May 2 (UPI) — On May 12, President Donald Trump will decide whether or not to tear up the 2015 Iran nuclear deal.
He has described it as “insane” and “the worst deal in history.” French President Emmanuel Macron and German Chancellor Angela Merkel flew to Washington last month to try to persuade the U.S. president to stick to the deal. British Prime Minister Theresa May and the EU’s high representative for foreign affairs and security, Federica Mogherini, have added their voices to the strong chorus calling for Trump to keep the deal.
Meanwhile, Israel’s prime minister, in a special televised news conference on Monday, revealed that Mossad agents had seized more than half a ton of files that proved Iran lied about developing a nuclear weapons program. Netanyahu concluded that the whole nuclear deal, hailed by former U.S. President Barack Obama as the high point of his presidency, was based on Iranian lies and deception.
Netanyahu’s revelations were immediately denounced by Iran as “childish propaganda.” But the White House stated that the Israelis had provided “new and compelling details” about Tehran’s efforts to develop “missile-deliverable nuclear weapons.”
On Sunday, U.S. Secretary of State Mike Pompeo said the United States would cancel the nuclear deal unless steps are taken to fix it. No doubt he was referring to serious flaws in the deal, such as the prohibition on international inspectors gaining access to military sites inside Iran. It is almost certain that all of the clandestine nuclear work being undertaken in Iran will be within such military sites, controlled by the blacklisted Islamic Revolutionary Guards Corps.
In a misguided effort to appease the theocratic regime in Iran, the EU has long pursued a policy it refers to as “constructive dialogue.” This has included a reluctance to mention human rights to a regime that has achieved the number one slot as the main proponent of the death penalty per capita in the world. Over 60 percent of all executions in the Middle East are carried out, often in public, inside Iran.
The venally corrupt mullahs have also reduced women to the role of second-class citizens. Iranian women are regularly attacked on the streets by thugs from the state’s religious police for “bad-veiling.” Torture, floggings, amputations, eye gouging and multiple hangings are the order of the day under the ayatollah’s medieval system of oppression. Despite this barbaric tyranny, Mogherini has repeatedly visited Tehran, dutifully donning the veil and posing for selfies with Iranian politicians, handing a propaganda coup to the mullahs.
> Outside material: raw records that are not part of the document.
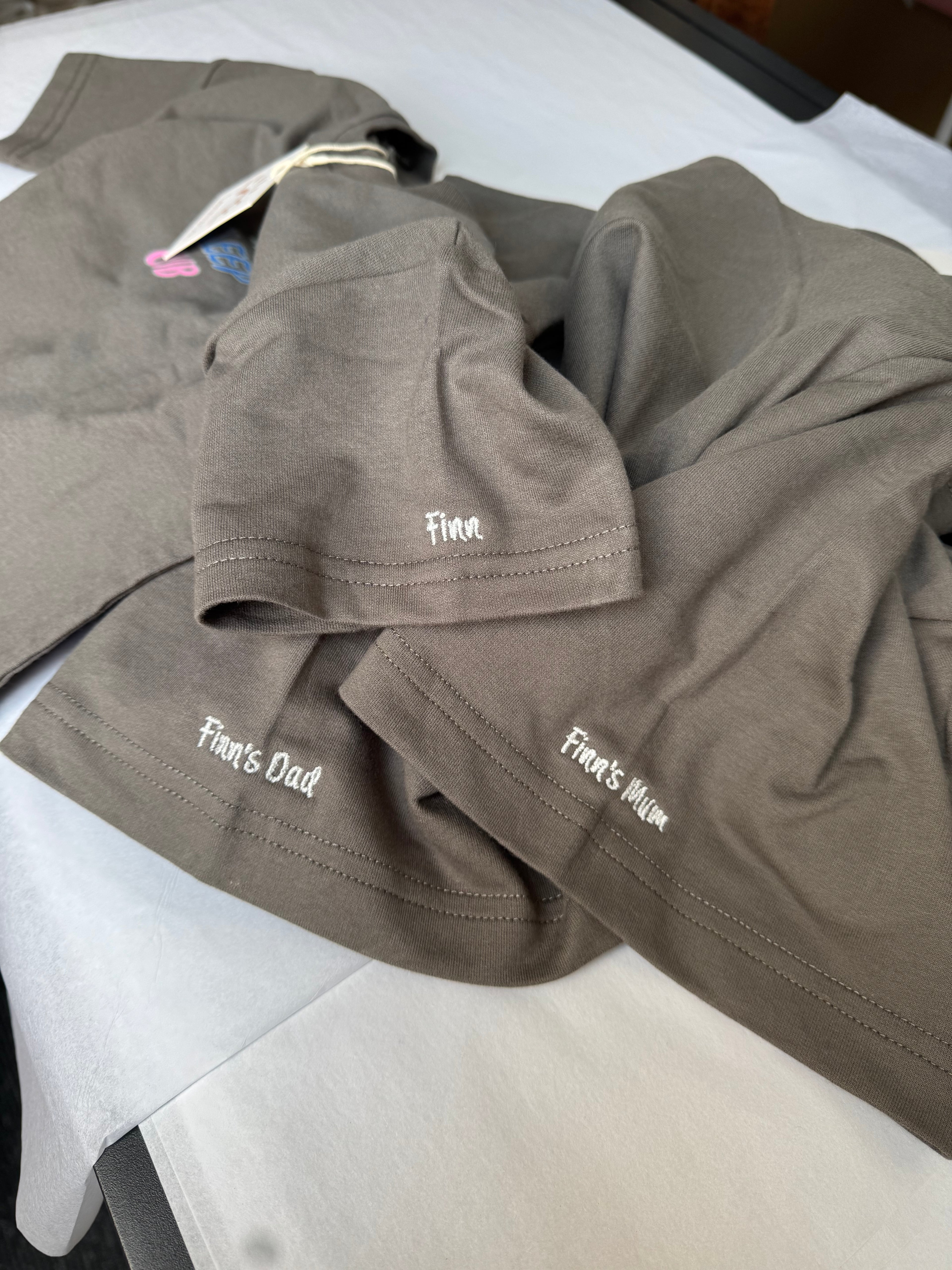 Up your gift game with personalised sleeve embroidery on all tees and jumpers!
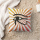 O antigo símbolo egípcio, o Olho de Horus. Retro Sun desenhando em segundo plano. Travesseiros decorativos personalizados. Ideia do presente.
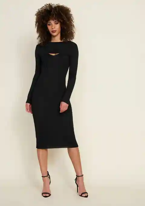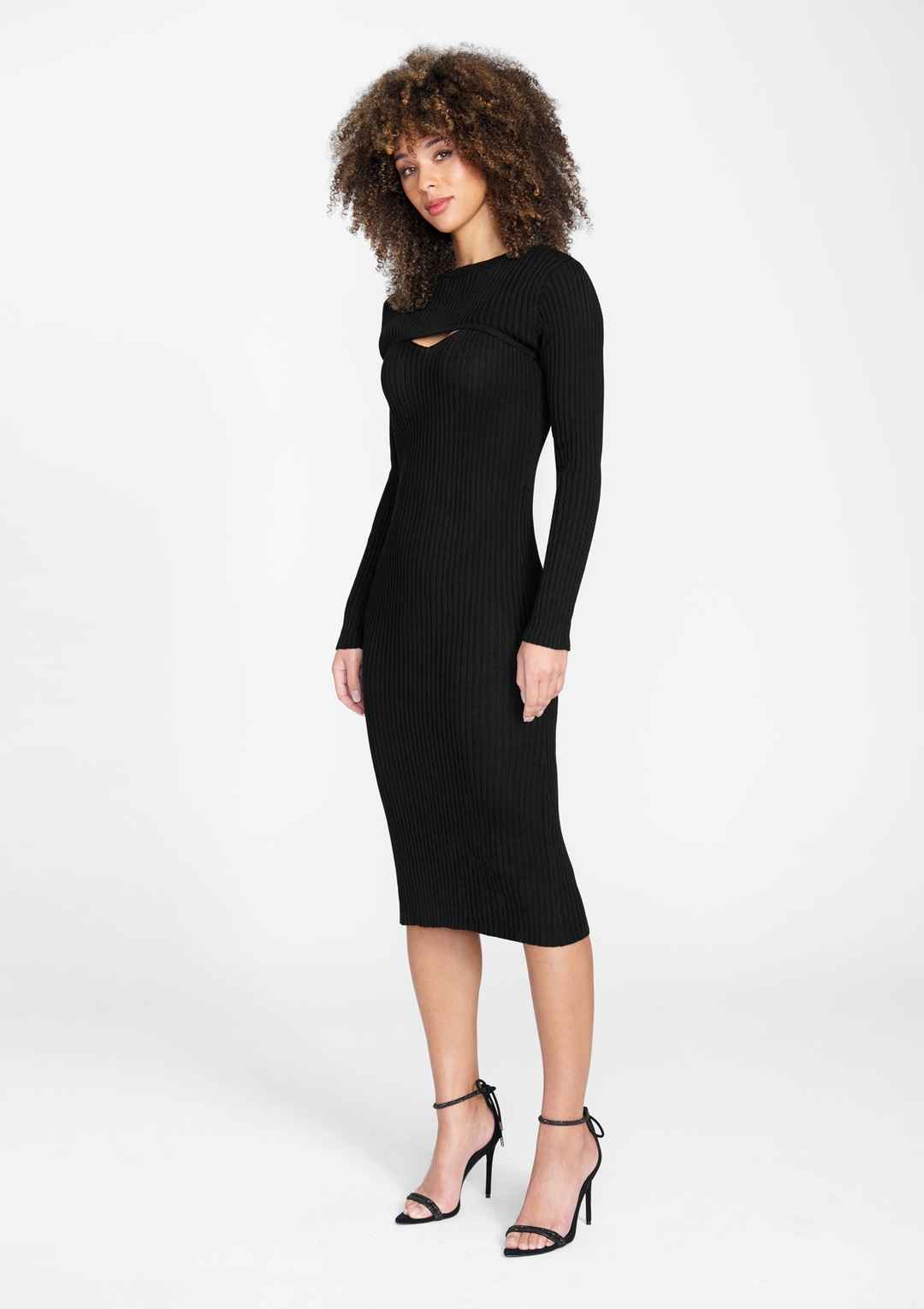 Alloy Apparel Tall Alexa Knit Midi Dress for Women in Black Size Large

It is perhaps not surprising that millions of Iranians took to the streets in a mass uprising that spread to over 140 cities earlier this year and continues to this day, despite a brutal crackdown by the mullahs, with many deaths and over 8,000 arrests. The impoverished citizens are fed up seeing their nation’s wealth squandered on foreign meddling in Syria, Iraq, Lebanon and Yemen, while they are left to starve at home. Obama’s flawed nuclear deal released over $150 billion in assets frozen by strict sanctions, which the mullahs have used to export terrorism and to bolster Bashar al-Assad’s murderous civil war and other vicious conflicts in the Middle East.
The theocratic regime has also used money released under the deal to redouble its secret development of atomic weapons and ballistic missile delivery systems.
Winston Churchill said: “An appeaser is one who feeds a crocodile, hoping it will eat him last.” The West has cravenly fed the Iranian crocodile for far too long, standing aside as it devours its neighbors across the Middle East. The time has come to end appeasement and to treat Iran as the international pariah it has become.
The countdown to May 12 has begun.
Struan Stevenson, coordinator of Campaign for Iran Change, was a member of the European Parliament representing Scotland (1999-2014), president of the Parliament’s Delegation for Relations with Iraq (2009-14) and chairman of Friends of a Free Iran Intergroup (2004-14). He is an international lecturer on the Middle East and is also president of the European Iraqi Freedom Association.